By analyzing existing cross correlation between Expedia Group and Wingstop, you can compare the effects of market volatilities on Expedia and Wingstop and check how they will diversify away market risk if combined in the same portfolio for a given time horizon. You can also utilize pair trading strategies of matching a long position in Expedia with a short position of Wingstop. Check out your portfolio center. Please also check ongoing floating volatility patterns of Expedia and Wingstop.

Diversification Opportunities for Expedia and Wingstop

0.23
  Correlation Coefficient

Modest diversification

The 3 months correlation between Expedia and Wingstop is 0.23. Overlapping area represents the amount of risk that can be diversified away by holding Expedia Group and Wingstop in the same portfolio, assuming nothing else is changed. The correlation between historical prices or returns on Wingstop and Expedia is a relative statistical measure of the degree to which these equity instruments tend to move together. The correlation coefficient measures the extent to which returns on Expedia Group are associated (or correlated) with Wingstop. Values of the correlation coefficient range from -1 to +1, where. The correlation of zero (0) is possible when the price movement of Wingstop has no effect on the direction of Expedia i.e., Expedia and Wingstop go up and down completely randomly.

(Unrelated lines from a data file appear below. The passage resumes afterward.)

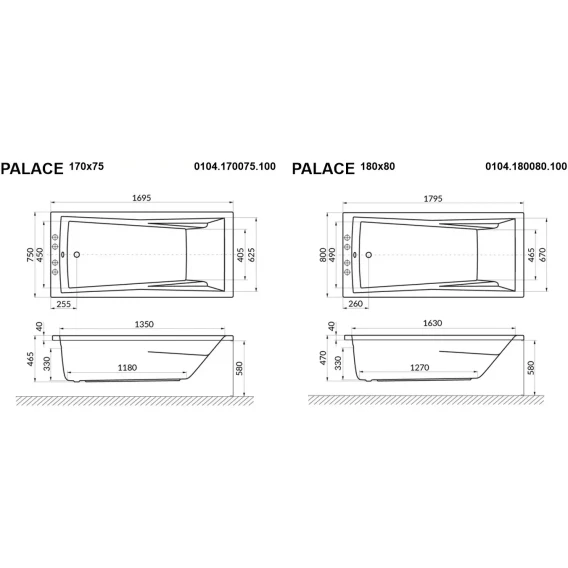 Акриловая ванна Whitecross Palace 0104.170075.100 169,5x75 см, белый
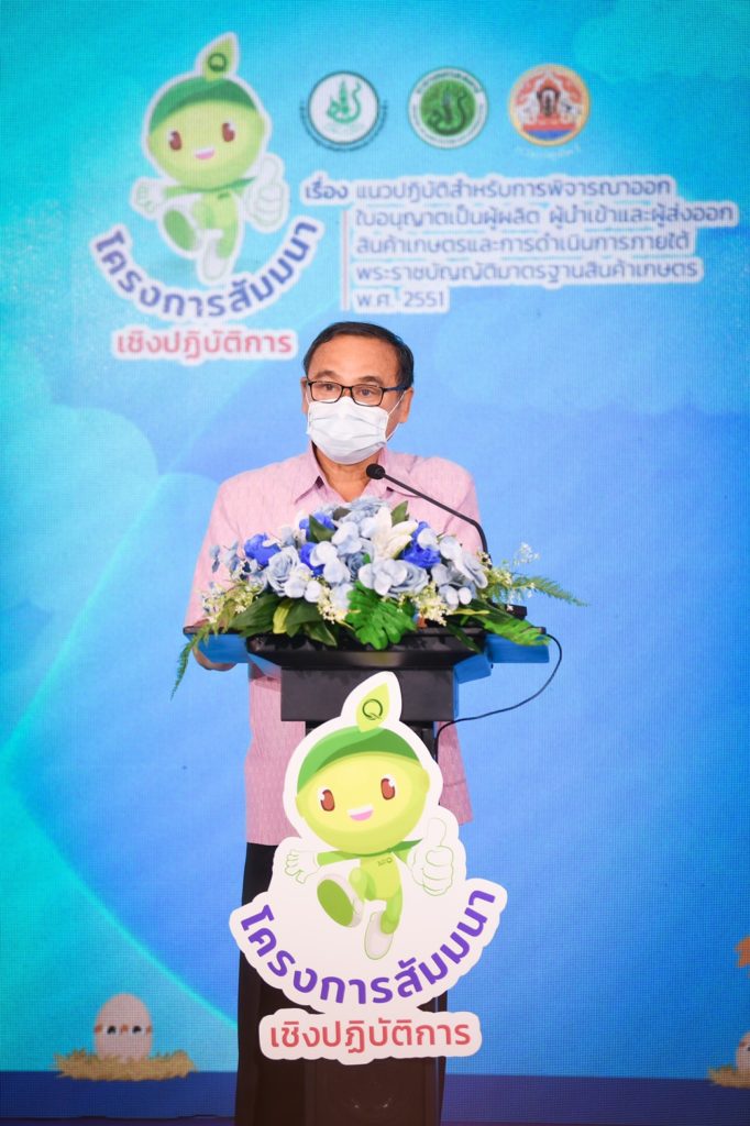 ทั้งนี้ เพื่อให้การกำกับดูแลสินค้าเกษตรดังกล่าวมีความเบ็ดเสร็จภายในหน่วยงาน และอำนวยความสะดวก ในการให้บริการ มกอช. จึงได้มีการมอบภารกิจให้หน่วยงานของรัฐที่มีความสามารถดำเนินการออกใบอนุญาต เป็นผู้ผลิต ผู้นำเข้า และผู้ส่งออกสินค้าเกษตรตามมาตรฐานบังคับแก่ผู้ประกอบการและเกษตรกร โดยมีกรมปศุสัตว์เป็นหน่วยงานแรกที่มีความพร้อมในการดำเนินการดังกล่าว ดังนั้น เพื่อให้เจ้าหน้าที่ของหน่วยงานรัฐที่ได้รับมอบหมายภารกิจสามารถปฏิบัติงานได้อย่างถูกต้องเรียบร้อยเป็นไปในทิศทางเดียวกัน มกอช. จึงได้จัดสัมมนาเชิงปฏิบัติการ เรื่อง แนวปฏิบัติสำหรับการพิจารณาออกใบอนุญาตเป็นผู้ผลิต ผู้นำเข้า และผู้ส่งออกสินค้าเกษตร และการดำเนินการภายใต้พระราชบัญญัติมาตรฐานสินค้าเกษตร พ.ศ. ๒๕๕๑ ขึ้น โดยมีวัตถุประสงค์เพื่อเสริมสร้างความรู้ความเข้าใจในการพิจารณาออกใบอนุญาตเป็นผู้ผลิต ผู้นำเข้า และผู้ส่งออกสินค้าเกษตรตามมาตรฐานบังคับผ่านระบบอิเล็กทรอนิกส์ (TAS-License) และเสริมสร้างความรู้ความเข้าใจแนวปฏิบัติและวิธีการดำเนินงานตามมาตรฐานบังคับการดำเนินงานภายใต้พระราชบัญญัติมาตรฐานสินค้าเกษตร พ.ศ. ๒๕๕๑ ตลอดจนแนะนำแลกเปลี่ยนประสบการณ์ ปัญหาและอุปสรรคในการดำเนินงานตามมาตรฐานบังคับ โดยจัดการสัมมนาในรูปแบบการบรรยายทางระบบออนไลน์ จำนวน ๓ รุ่น ระหว่างวันที่ 25-28 พฤษภาคม 2564
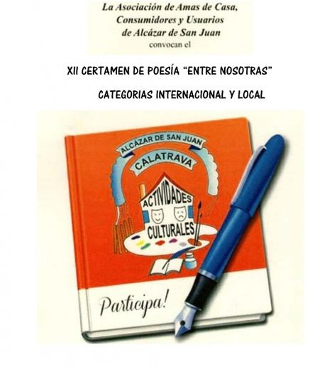 La Asociación de Amas de Casa, Consumidores y Usuarios Calatrava de Alcazar de San Juan ha lanzado una nueva edición de su Certamen de Poesía “Entre Nosotr@s”, la duodécima, que este año tiene como novedad el hecho de que cuenta con dos categorías para participar, una internacional, siempre que la obra esté en lengua española, y otra local. El plazo de entrega de trabajos finaliza el 27 de febrero.
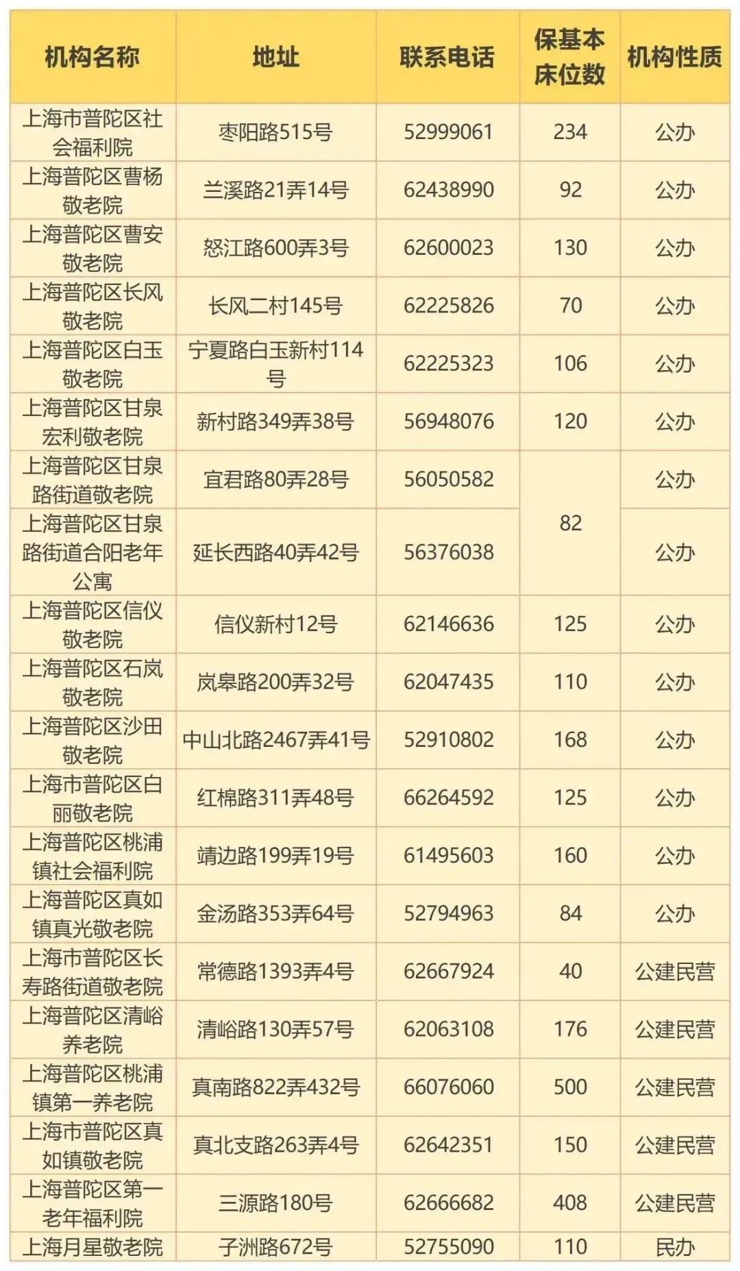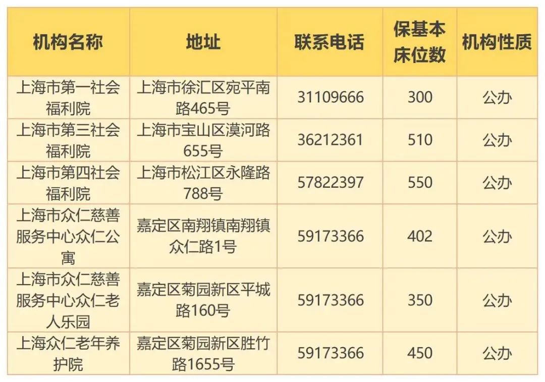 2022年12月,本市出台《上海市保基本养老机构(床位)管理办法》。根据《办法》规定,每年6月底前,市民政局统一发布全市保基本养老机构(床位)名单(名单见下方)。
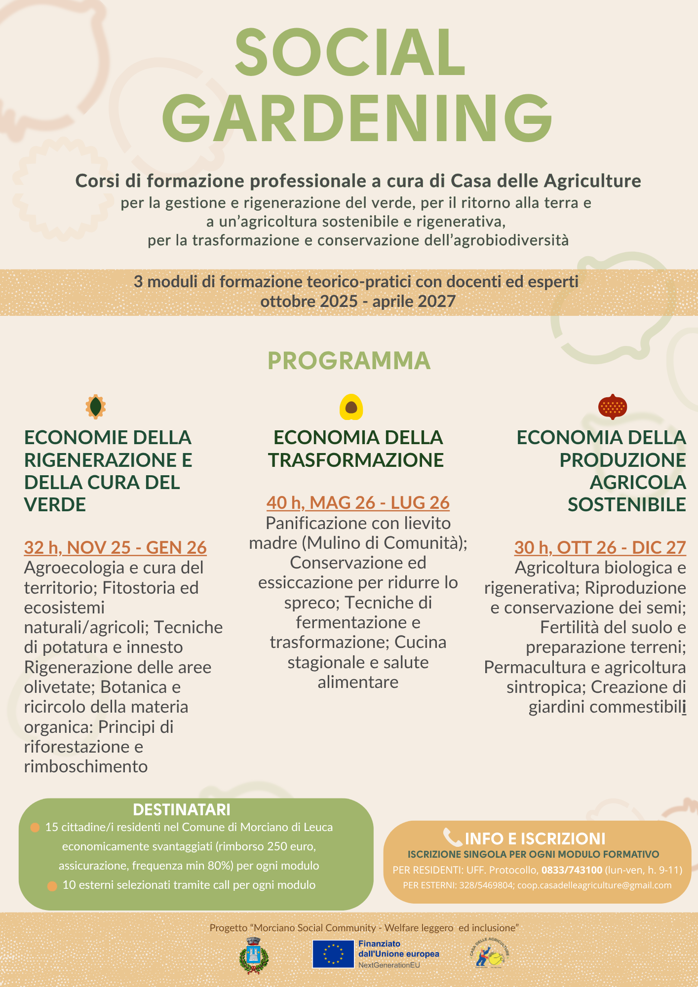 L’iniziativa rientra nel progetto “Morciano Social Community – Welfare leggero ed inclusione”, finanziato dal Piano Nazionale di Ripresa e Resilienza (PNRR) – Missione “Inclusione e Coesione”. Nasce per formare competenze professionali legate all’agroecologia, alla cura del paesaggio e alla filiera corta, promuovendo una visione integrata tra formazione, inclusione e rigenerazione territoriale.
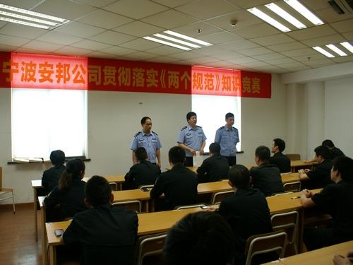 為全面推動寧波安邦護(hù)衛(wèi)有限公司學(xué)習(xí)省安邦護(hù)衛(wèi)有限公司《兩個(gè)規(guī)范》活動向縱深發(fā)展,進(jìn)一步營造全員參與的濃厚氛圍。2012年5月12日,寧波安邦護(hù)衛(wèi)有限公司組織開展“貫徹落實(shí)《兩個(gè)規(guī)范》知識競賽”活動。公司10支代表隊(duì)共49名選手參加了角逐,公司張正逸總經(jīng)理、董國平副總經(jīng)理到競賽現(xiàn)場巡考。
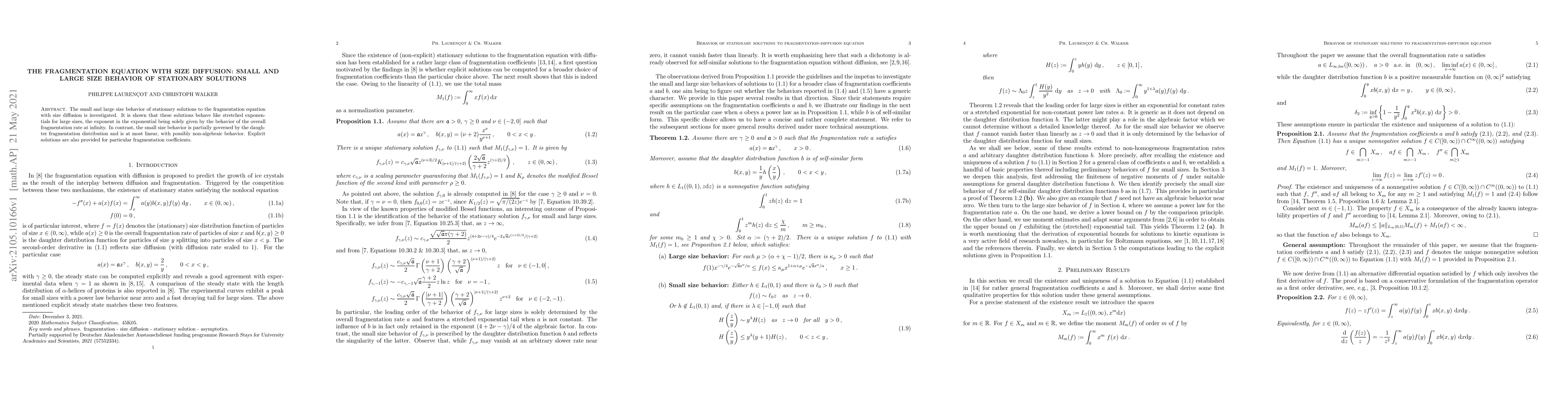 The fragmentation equation with size diffusion reveals that large-size solutions behave like stretched exponentials, while small-size behavior is influenced by the daughter fragmentation distribution, potentially leading to non-algebraic growth.

Pair Corralation between Expedia and Wingstop

Given the investment horizon of 90 days Expedia Group is expected to generate 0.99 times more return on investment than Wingstop. However, Expedia Group is 1.01 times less risky than Wingstop. It trades about -0.04 of its potential returns per unit of risk. Wingstop is currently generating about -0.1 per unit of risk. If you would invest  18,610  in Expedia Group on December 29, 2024 and sell it today you would lose (1,800) from holding Expedia Group or give up 9.67% of portfolio value over 90 days.
Time Period3 Months [change]
DirectionMoves Together 
StrengthVery Weak
Accuracy100.0%
ValuesDaily Returns

Expedia Group  vs.  Wingstop

 Performance 
       Timeline  
Expedia Group 

Risk-Adjusted Performance

Very Weak

 
Weak
 
Strong
Over the last 90 days Expedia Group has generated negative risk-adjusted returns adding no value to investors with long positions. In spite of latest weak performance, the Stock's basic indicators remain sound and the latest tumult on Wall Street may also be a sign of longer-term gains for the firm shareholders.
Wingstop 

Risk-Adjusted Performance

Very Weak

 
Weak
 
Strong
Over the last 90 days Wingstop has generated negative risk-adjusted returns adding no value to investors with long positions. Despite weak performance in the last few months, the Stock's basic indicators remain nearly stable which may send shares a bit higher in April 2025. The current disturbance may also be a sign of long-run up-swing for the company stockholders.

Expedia and Wingstop Volatility Contrast

   Predicted Return Density   
       Returns  

Pair Trading with Expedia and Wingstop

The main advantage of trading using opposite Expedia and Wingstop positions is that it hedges away some unsystematic risk. Because of two separate transactions, even if Expedia position performs unexpectedly, Wingstop can make up some of the losses. Pair trading also minimizes risk from directional movements in the market. For example, if an entire industry or sector drops because of unexpected headlines, the short position in Wingstop will offset losses from the drop in Wingstop's long position.
The idea behind Expedia Group and Wingstop pairs trading is to make the combined position market-neutral, meaning the overall market's direction will not affect its win or loss (or potential downside or upside). This can be achieved by designing a pairs trade with two highly correlated stocks or equities that operate in a similar space or sector, making it possible to obtain profits through simple and relatively low-risk investment.
Check out your portfolio center.
Note that this page's information should be used as a complementary analysis to find the right mix of equity instruments to add to your existing portfolios or create a brand new portfolio. You can also try the Portfolio Volatility module to check portfolio volatility and analyze historical return density to properly model market risk.